Client Profile:
The client is a well known 65 room boutique hotel in Kathmandu and well located in the business district. Because of the corona crisis, the staff numbers were reduced from 84 (in 2018) to 60.
Due to the reduction in business the management decided to invest the time into upgrading the Cloud 9 Concept. The main focus was to re-engineer the process in the F & B areas to create a more efficient flow and increase the productivity. This was the second SEC assignment for this client.
Tasks:
- Re-engineer the kitchen layout and work flow to meet the required
- efficiency and Hygiene regulations.
- Restaurant buffet layout and various recommendations
- Cloud 9 kitchen layout and recommendations.

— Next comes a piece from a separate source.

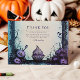 ¡Un diseño asombrosamente adorable para el gran día de tu pequeño! Esta invitación de 2º cumpleaños de inspiración gótica incluye calabazas espeluznantes, florales de época y un encanto espeluznante en tonos azules y morados. Perfecto para una celebración con temática de Halloween. Completamente editable para los detalles del evento.
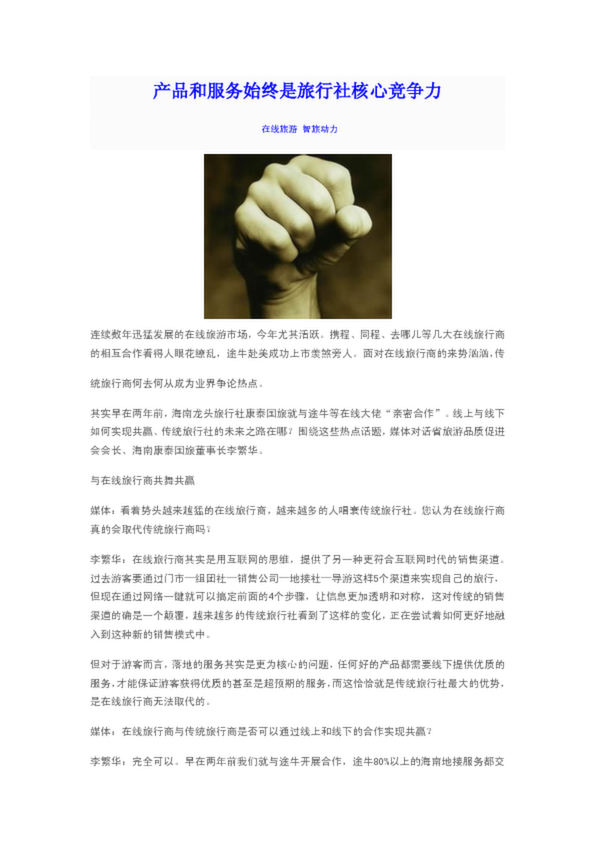 產品和服務始終是旅行社的核心競爭力(30.00KB)

- Bakery: Implementation of a “pre half-baked bread product” system.
- Concept of frozen food handling, menu planning and recipe costing.
Results:
The client selected the proposed kitchen layout which will move the butchery section outside to a new location, relocate the cold kitchen section and enlarge the dish and pot washing area. The buffet will be redesigned by a kitchen planner and a feasibility study will be requested.
Cloud 9 Project kitchen amendment has been taken into consideration and the work should be finished on schedule.
Implementation of the new Bakery Production system (after fine tuning and adjusted recipes) will be done.
Implementation of the proposed work flow and food thawing procedure has been put in place.